商队下一个目的地是蛮夷的边境小城,祁怀瑾随便找了个理由留下。

队伍继续往前,而祁怀瑾则留在小城里。

这样的边境小城并不富庶,只有一家客栈,主要就是做来往商人生意的。祁怀瑾是生面孔,但因为这里经常有生人来,倒没引起怀疑。

商队离开后的第二天,祁怀瑾便开始命人打探城中情况。

顾嘉祺则趴在窗口看外面风土人情。

虽然在肃州住了这么久,但这还是他们第一次,来到蛮族的领地。两国关系一直不好,百姓们也互相仇视,若是让他们发现自己是汉人,恐怕都走不出这个城。

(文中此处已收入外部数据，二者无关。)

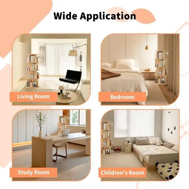Equipped with a high-quality steel ball-bearing turntable at its base, this bookshelf rotates a full 360 degrees for easy access to all corners. Whether you're organizing books or displaying decor, the rotating feature allows you to reach every item with ease, making it a functional and convenient addition to any room.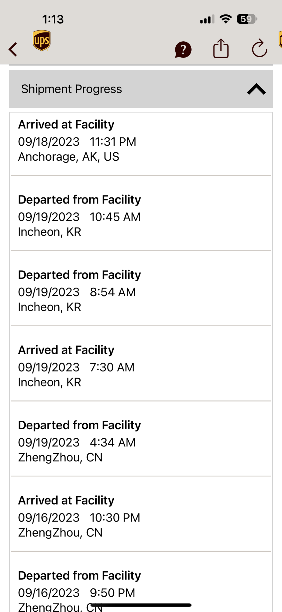 It is still on ZhengZhou, China the KY is just a Customs Update to expect Customs later. Expect your iPhone to start moving today 9/19 tonight in China to ICN and onward just as a Flight plan posts... It may be back to UPS 176 but stay tuned.I can’t explain this. As of this morning, UPS shows it still in China, AfterShip shows it in KY

想着,顾嘉祺谨慎的说:“现在没有商队给咱们做掩护,要更加小心。”

祁怀瑾道:“无妨,我已经安排好了。”

他有蛮族的身份证明,就算真的被怀疑,在这个小城里也查不出问题。

日头升起,街上开始热闹。

顾嘉祺检查完两人的伪装没有问题后,前后出门。

既然来了,那就不得不体验一下蛮族人是如何生活的,知己知彼才能百战不殆。

而顾嘉祺则是注意到摊位上许多没见过的新鲜玩意,一些罕见的宝石器具,还有制造精良的银器,都是在大梁难得一见的。

不过顾嘉祺最关心的,还是药材问题。

她来到一处看起来像医馆的地方,正准备开口,突然想起自己不会蛮族话,于是看向祁怀瑾。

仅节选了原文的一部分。